La réserve (cérébrale et cognitive) est une notion clef lorsque l’on s’intéresse aux mécanismes de préservation du fonctionnement cognitif lors du vieillissement. La réserve s’étudie au niveau anatomique et fonctionnel et est fonction de facteurs environnementaux (également référés comme les habitudes de vie) et de facteurs génétiques (auxquels nous ne nous sommes pas intéressés). A notre connaissance, peu d’auteurs ont étudié de manière spécifique la relation entre les performances comportementales de DO et les facteurs de réserve lors du vieillissement sain. De ce fait, il est difficile de déterminer avec précision les facteurs qui permettent d’expliquer la variabilité interindividuelle des performances comportementales de DO lors du vieillissement sain, et ainsi de mettre en évidence des facteurs de préservation des processus de production lexicale.

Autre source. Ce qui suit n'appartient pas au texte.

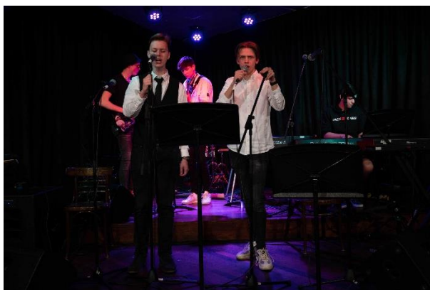
Asser Bluesdagen – organisatie Asser Bluesdagen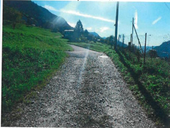
Situazione strada zona con pendenza 10%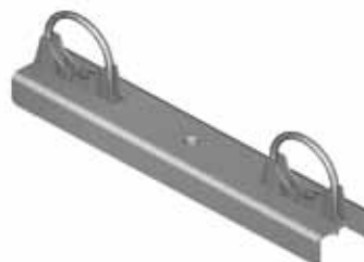
TA 8006 SUPPORTO PER STATIVO s. 25 Portata 150 kg Peso 0,80 kg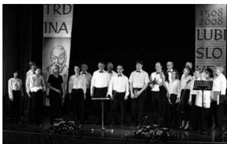
MePZ Svoboda je zapel slovensko himno ...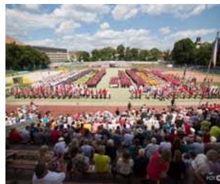
Sokolské slavnosti Brno - nástup

Ve dnech 11. - 12.6.2022 se ve venkovním areálu Sokola Brno I. konala přehlídka 16 hromadných skladeb pro veřejnost (z toho jedna skladba pro ženy byla z důvodu vysokého zájmu cvičenek předvedena dvakrát). Skladbu Čo bude bude, předvedly cvičenky ze Slovenska.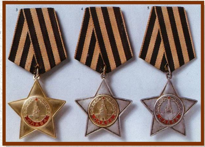
Три степени ордена Славы

Награждение орденом Славы продолжалось с ноября 1943 до лета 1945 года. За этот период кавалерами III степени ордена стали 980 тысяч человек, II степени - 46 тысяч, а I степени, то есть полными кавалерами ордена - 2 562 человека. В 1967 и 1975 годах были введены дополнительные льготы полным кавалерам ордена Славы, уравнявшие их в правах с Героями Советского Союза.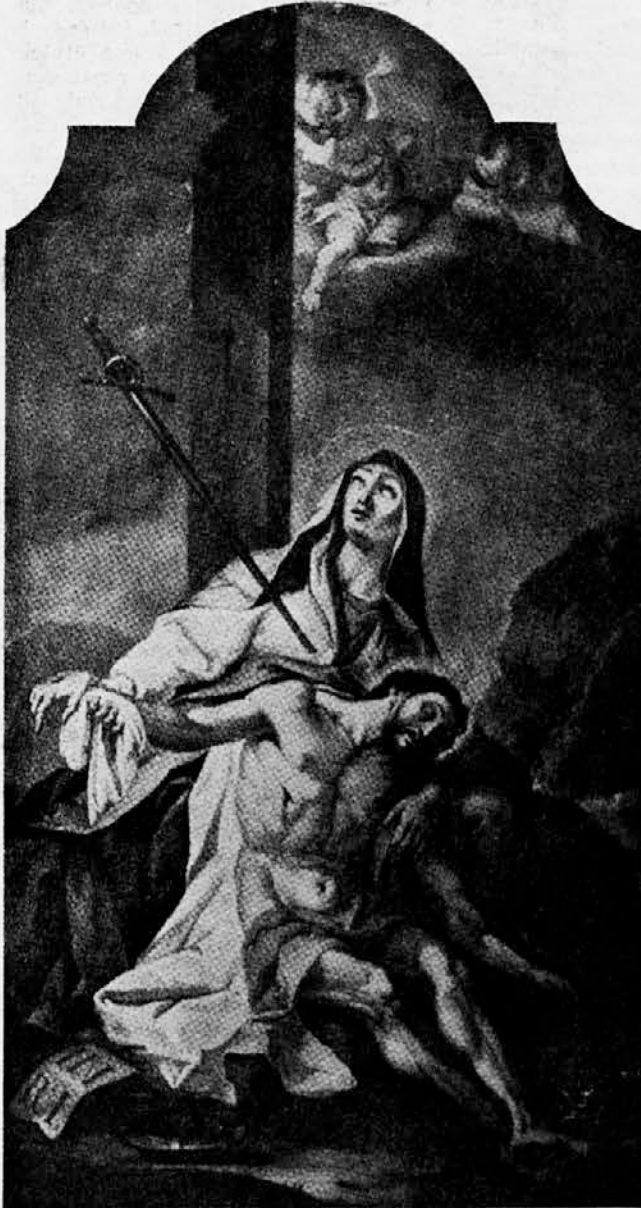
The Sorrowful Mother holds Her dead Son. (Bergant)

As a small child, Bergant watched his carpenter father as well as local artists decorate newly constructed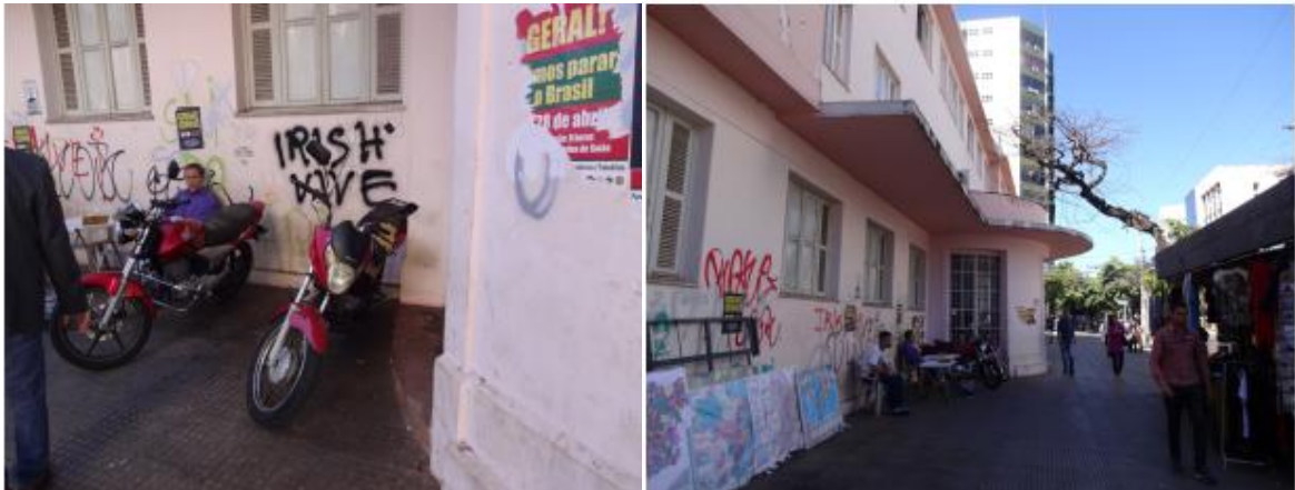
Figura 14 – Grande Hotel — Parte externa (2017)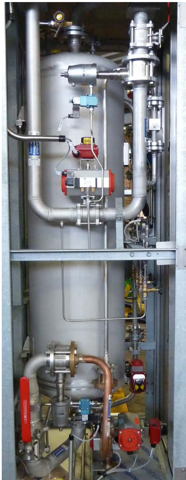
Einblick ins Innere einer SIP-Box: Zwei Gleitschieberventile vom Typ 8040 wurden im Laufe der Jahre so weiterentwickelt, dass sie in der Lage sind die benötigten Impulse mit starken Stoßwellen freizusetzen und eine Mindest-Standzeit von einem Jahr, also mehreren Millionen Schaltungen, aufweisen.

Das SIP-Verfahren hat sich am Hochofen Schwelgern 1 in weniger als zwei Betriebsjahren amortisiert und spart nun jährlich mehrere Millionen Euro an Kosten. Der Gesamtver-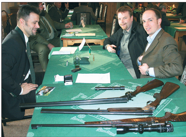
Zkoušky. Budoucí myslivci musí složit poměrně těžké zkoušky.

Uchazeči projdou před zkouškami tak zvaným teoretickým kurzem, který trvá dva měsíce, a pak jdou na praxi do honitab. Myslivost je obor, který je velmi široký. V dnešní době se zaměřuje hodně na ekologii. Ta nabyla velkého významu. „Mělo by platit, co myslivec, to ochránce přírody. Skutečně se tomu tak děje. Někde ještě převládají názory, že myslivci jen střílí, ale opak je prav-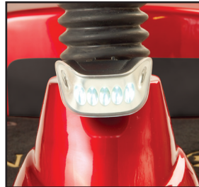
Feux avant et arrière et réflecteurs latéraux pour la sécurité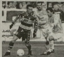
პარმა - ლაციო

ბოავიშტა 22 15 3 4 38-13 48 სპორტინგი 22 14 5 3 50-18 47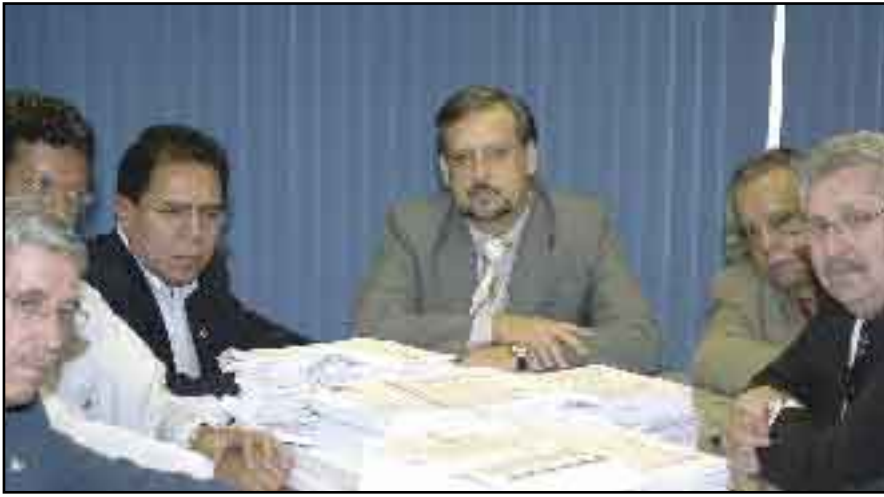
Dirigentes e ministro concordam que patrões ganharam muito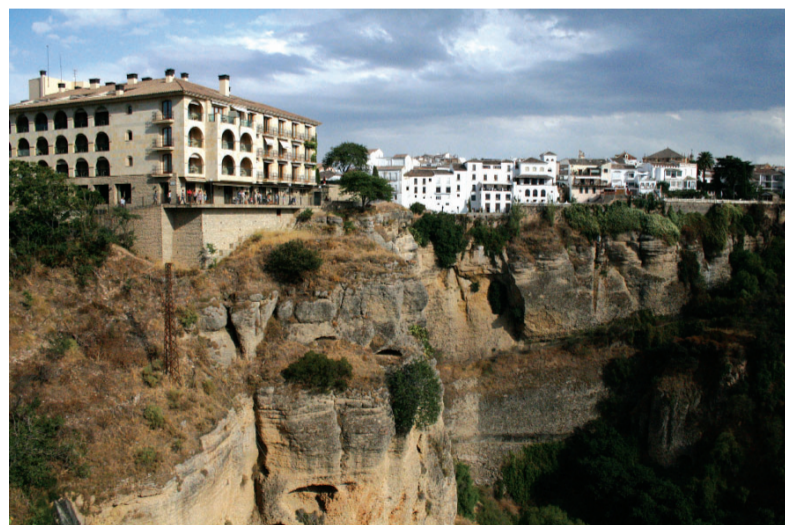
Bellísima panorámica de una parte de la ciudad

Desde las estaciones de autobuses de diversos puntos de la Costa del Sol, como Málaga, Torremolinos, Fuengirola, Benalmádena Costa, Marbella y San Pedro de Alcántara también se puede llegar.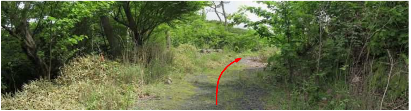
左の 林道分れ に出会うが、今回は直進する。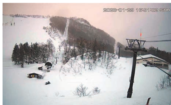
◆長野小谷村滑雪場當日的現場視頻。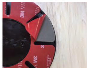
②赤い面を剥がします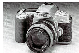
Die Samsung SR 4000 wird in der Schweiz erhältlich sein

Mit der SAS 628 steigt Samsung ab September in das Fotosystem APS ein. Die Kamera besitzt ein 28–60 mm-Zoom, drei Bildformate, vier Programme (Normal, Porträt, Schnappschuss und Landschaft), drei Blitzfunktionen, Nahgrenze von 60 cm, IX- und PQI-Datenaustausch, Rückseitenaufdruck von Zeit Datum und Titeln in 11 verschiedenen Sprachen sowie die üblichen APS-Eigenschaften. Mit den Aussenmassen 110 x 62 x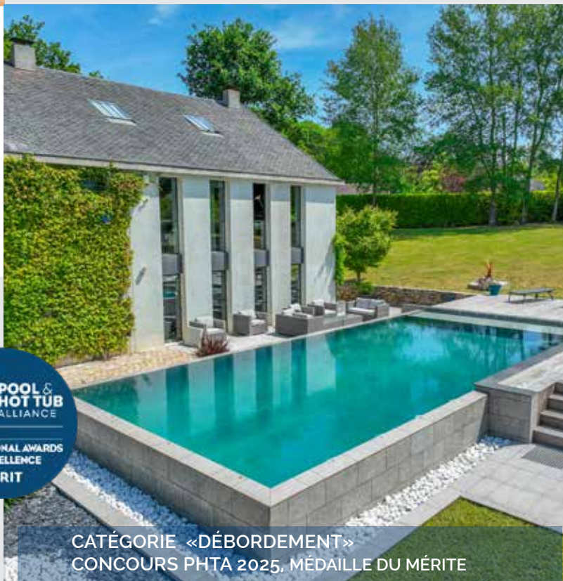
CATÉGORIE «DÉBORDEMENT» CONCOURS PHTA 2025, MÉDAILLE DU MÉRITE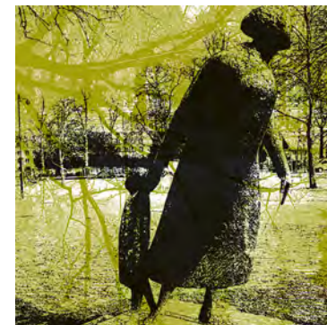
Moeder en kind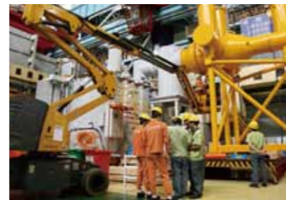
SF 6 气体绝缘变压器

9月16日,由中电装备东芝(常州)变压器有限公司(以下简称CTC)为南京市重点工程——南京鼓楼变电站自主研发的80MVA(兆伏安)/110kV(千伏)的SF 6 气体绝缘变压器一次性通过出厂试验,各项技术性能指标均达到、部分指标优于国家标准和技术协议要求,处于国内领先地位。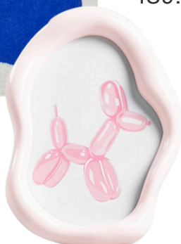
HOMLA 35 PLN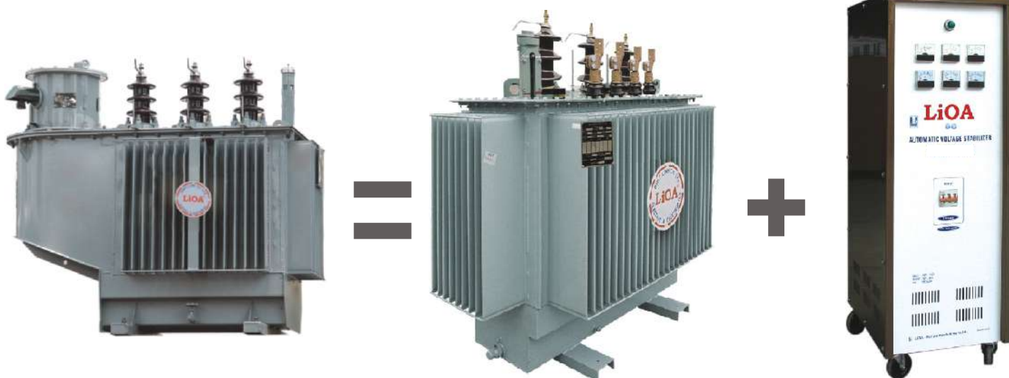
MÁY BIẾN ÁP ĐIỆN LỰC TỰ ĐỘNG ỔN ÁP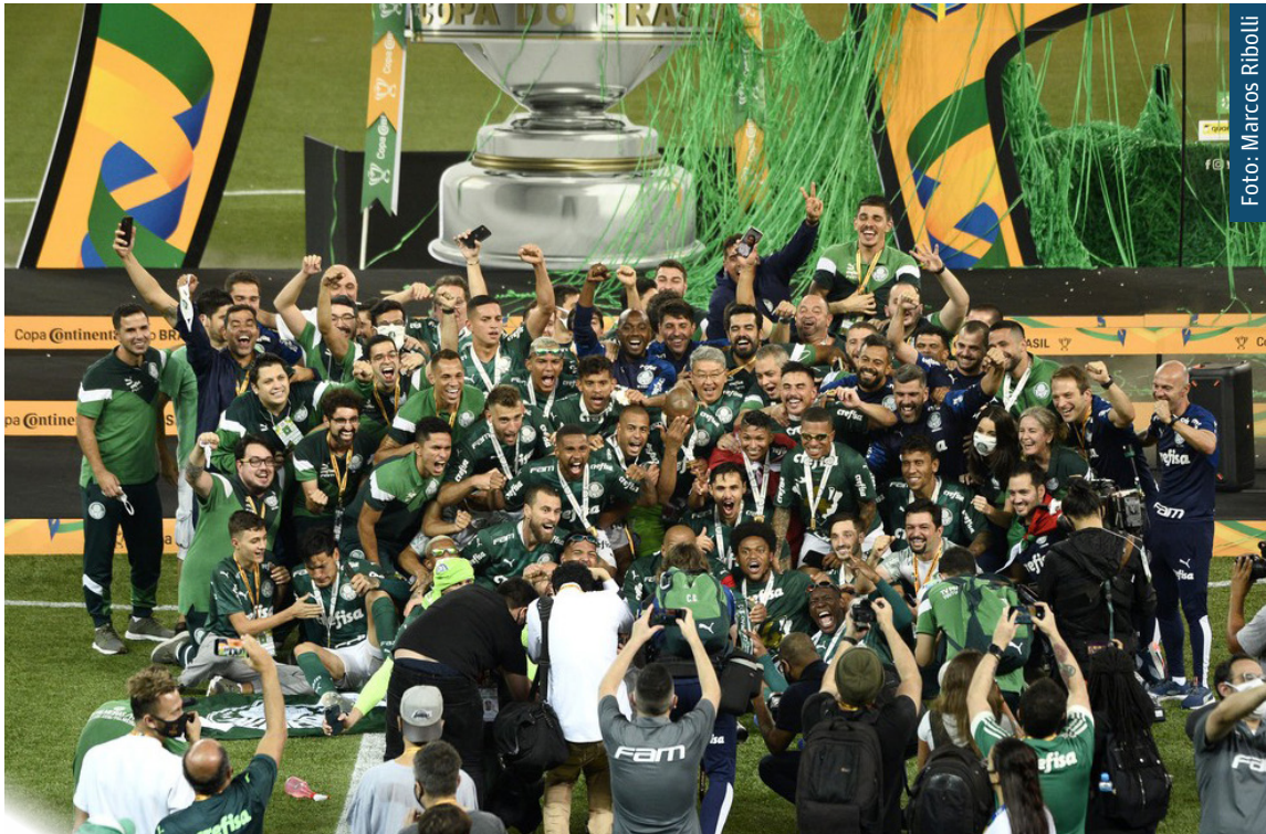
Palmeiras campeão da Copa do Brasil 2020, Paulistão e Libertadores

N ão foi a sorte que levou o Palmeiras a fazer uma temporada histórica em 2020. O título da Copa do Brasil, confirmado no último domingo, fez o Verdão encerrar o seu ano esportivo com três conquistas expressivas, algo que não ocorria no clube desde 1993, e também deixou o seu torcedor em estado de alegria. É verdade que o projeto palmeirense começou de um jeito e precisou buscar uma nova rota no meio do caminho. Mas a ideia de dar espaço aos garotos formados pela base se manteve presente do início ao fim e fez a diferença. O início com Vanderlei Luxemburgo foi importante por dar respaldo aos garotos e iniciar um trabalho sem as mesmas contratações dos anos anteriores. Deu resultado com o Paulistão. A evolução técnica da equipe, porém, veio somente após a chegada de Abel Ferreira,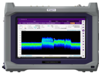
CellAdvisor 5G 基站測試解決方案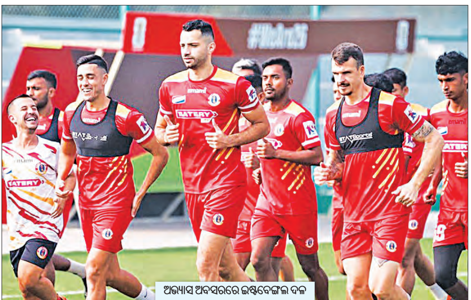
ଅଭ୍ୟାସ ଅବସରରେ ଇଣ୍ଡିଆନ୍ କାମି ଦଳ

ଗ୍ରୁପ୍-ଡି: ଏସ୍‌ଏସ୍‌ଆ, ଓଡ଼ିଶା ଏଫ୍‌ସି, ବେଙ୍ଗାଲୁରୁ ଏଫ୍‌ସି ଓ ଇଣ୍ଡିଆନ୍ କାମି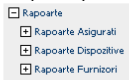
Figura 3.5-1 Meniu vizualizare tipuri rapoarte

Meniul de vizualizare rapoarte conține grupările rapoartelor pe trei categorii: Asigurați, Dispozitive, Furnizori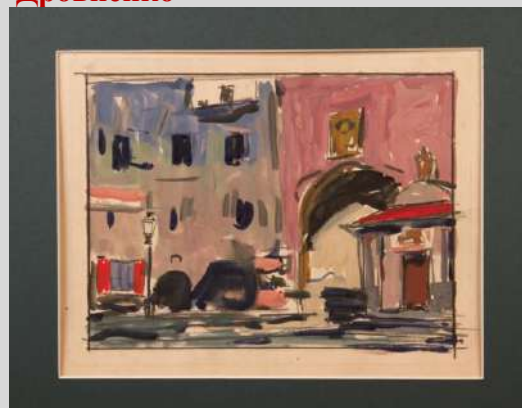
Эскиз интерьера к спектаклю 1940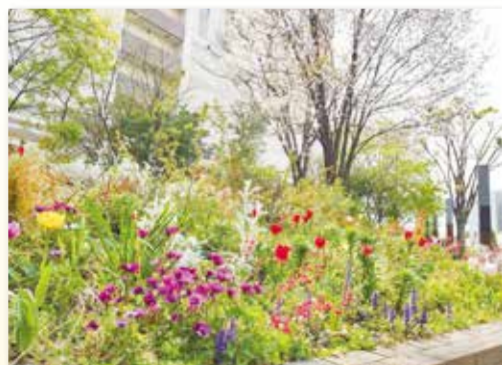
ナチュラルガーデン (センター南駅周辺)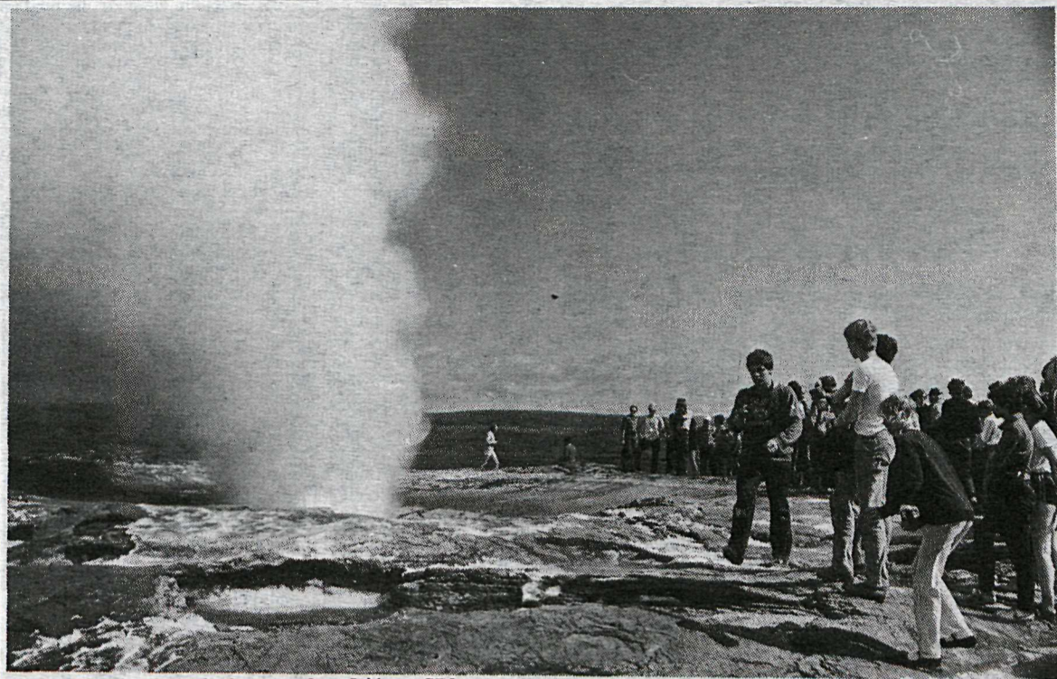
Frá generalprufunni s.l. sunnudag. Ljós. SBI.

Galleri Langbrók er opið milli kl. 14 og 16 bæði laugardag og sunnudag.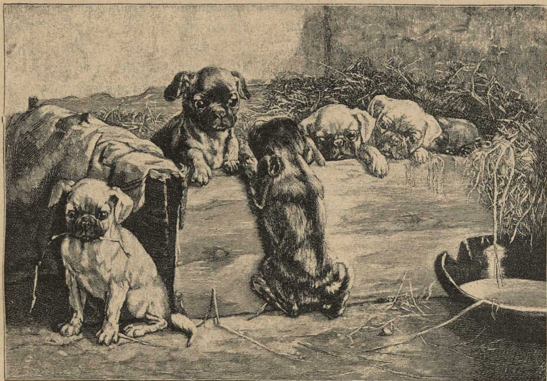
Скоро-ли вернется мать?

Стала заниматься заря. Ваня вспомнилъ о ней, вспомнилъ о томъ, что говорилъ ему его пріемный отецъ, когда посылалъ его въ мона-

Au niveau fonctionnel, de nombreux auteurs observent une diminution de la connectivité intra-réseau du langage et une augmentation de la connectivité inter-intra-réseau chez les personnes âgées, au détriment des performances de langage. Néanmoins, le recrutement de régions annexes au langage, notamment frontales droites, est associé à de meilleures performances de DO lors du vieillissement. Le maintien des performances de langage chez les personnes âgées s’expliquerait ainsi par une meilleure intégration des régions impliquées dans le traitement de l’information langagière et une ségrégation plus marquée entre le réseau de langage et les réseaux qui sous-tendent des fonctions annexes au langage (e.g., fonctionnement exécutif, mémoire de travail). Il est important de dissocier la ségrégation fonctionnelle des stratégies de compensation neurale ; autrement dit, ce n’est pas parce que les réseaux fonctionnels sont distincts (ségrégation fonctionnelle) que les personnes âgées ne peuvent pas recruter des régions annexes au langage (compensation neurale) comme mécanisme de réserve cognitive. En termes d’habitudes de vie, nous nous sommes plus spécifiquement focalisés sur les activités sociales. Notamment, la relation entre les activités sociales et les performances de production lexicale et de mémoire sémantique est sujette à controverse. Certains auteurs observent une relation spécifique entre les activités sociales et la production lexicale, d’autres suggèrent une causalité inverse, et d’autres enfin n’observent pas de relation. Sur base de la littérature, nous dissocions trois mécanismes possibles par lesquels les activités sociales entretiennent une relation avec les performances de DO lors du vieillissement : (a) entraînement domaine-spécifique, (b) traitement émotionnel et (c) entraînement domaine-général. Ces trois hypothèses ne sont pas mutuellement exclusives.